● Amusante discussie
Met de verwijzing naar de Rotterdamse taalkundige Arie de Jager (1806-1877), vooral beroemd vanwege zijn Woordenboek der frequentatieven in het Nederlandsch (1875), rakelde Kramers de amusantste discussie op die ooit in Nederland is gevoerd over het opnemen in woordenboeken van vieze woorden en uitdrukkingen. Deze discussie werd in gang gezet door het verschijnen van de eerste afleveringen van het Spreekwoordenboek der Nederlandsche taal van Pieter Jacob Harrebomée, een naslagwerk dat maar liefst ruim 42.500 spreekwoorden bevat en dat verscheen tussen 1858 en 1870 in drie delen (onlangs fotomechanisch herdrukt).
Volgens recensent dr. Hendrik Jan van Nassau (1791-1873), indertijd rector van het gymnasium te Assen, kreeg de gebruiker van het spreekwoordenboek een menigte ‘verregaande onkiesche, vuile en lage uitdrukkingen’ opgedrongen, een ‘vuilnishoop van gore geestigheden’, zoals: ‘Hij vliegt als een geladen aars naar het kakhuis’, ‘Tusschen de beenen zit het lekkerste vleesch’ en ‘Daar is groote liefde in het gasthuis, als de bedelaars malkander met luizen werpen’.
Harrebomée kreeg bijval van verschillende geleerden, waaronder Abraham Jakob van der Aa (1792-1857), samensteller van onder andere het dertiendelige Aardrijkskundig woordenboek der Nederlanden. ‘...Bij het in de recensie aangehaalde Tusschen de beenen zit het lekkerste vleesch zou ik haast uitroepen’, schreef de 64-jarige Van der Aa, ‘Honny soit qui mal y pense!

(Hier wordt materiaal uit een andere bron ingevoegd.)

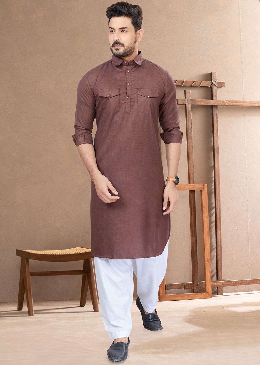 Mens Brown Cotton Pathani Suit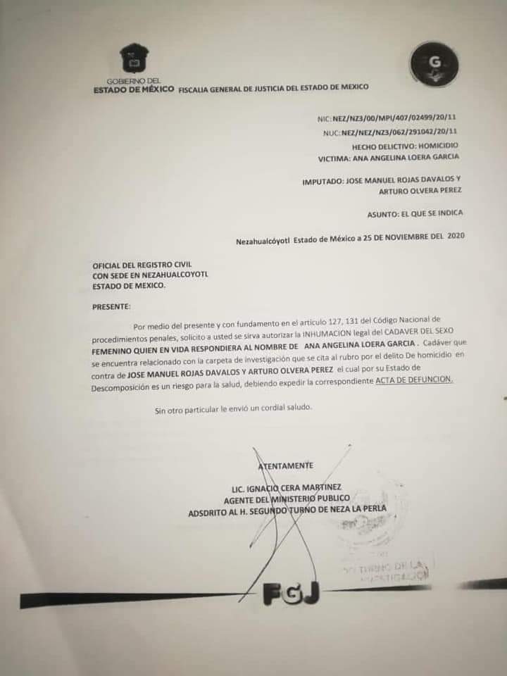 Todo iba bien, se realizaron los trámites de rigor, el ministerio público Ignacio Cera Martínez, adscrito al segundo turno, giró un oficio al oficial del Registro Civil en Nezahualcóyotl solicitando la inhumación legal del cadáver de quien en vida llevara el nombre de Ana Angelina Loera García.

Ik toch kan u op mijn woord verklaren, dat ik het honderdmalen gebruikt heb, zonder er iets kwaads bij te denken, en alleen door de plaats, die het nu door dr. Nassau gegeven is, ontdekt heb, dat er een dubbelzinnigheid in ligt.’
Harrebomée zelf was ‘zwaar op z'n pik getrapt’ een zegswijze die overigens niet in zijn woordenboek is opgenomen, hoewel het lemma pik niet ontbreekt. Hij had juist zeer veel aanstootgevende spreekwoorden weggelaten. ‘Wat werkelijk onkiesch is’, schreef hij, ‘verdient nergens voor te komen en dus ook niet in een Spreekwoordenboek.’ De Gorkumse hoofdonderwijzer zag geen kwaad in spreekwoorden als ‘Hij scheidt eraf als een boer van zijne stront’, ‘Hij is zo geil als een bok’ of ‘Het is geene vrouw: zij heeft aars noch borsten’, zo blijkt bij het doorbladeren van zijn woordenboek, maar van woorden als kakken, schijten, plassen en zelfs wateren geeft hij alleen de beginletters gevolgd door puntjes (bijvoorbeeld ‘de vinger leert het achterste sch.....’).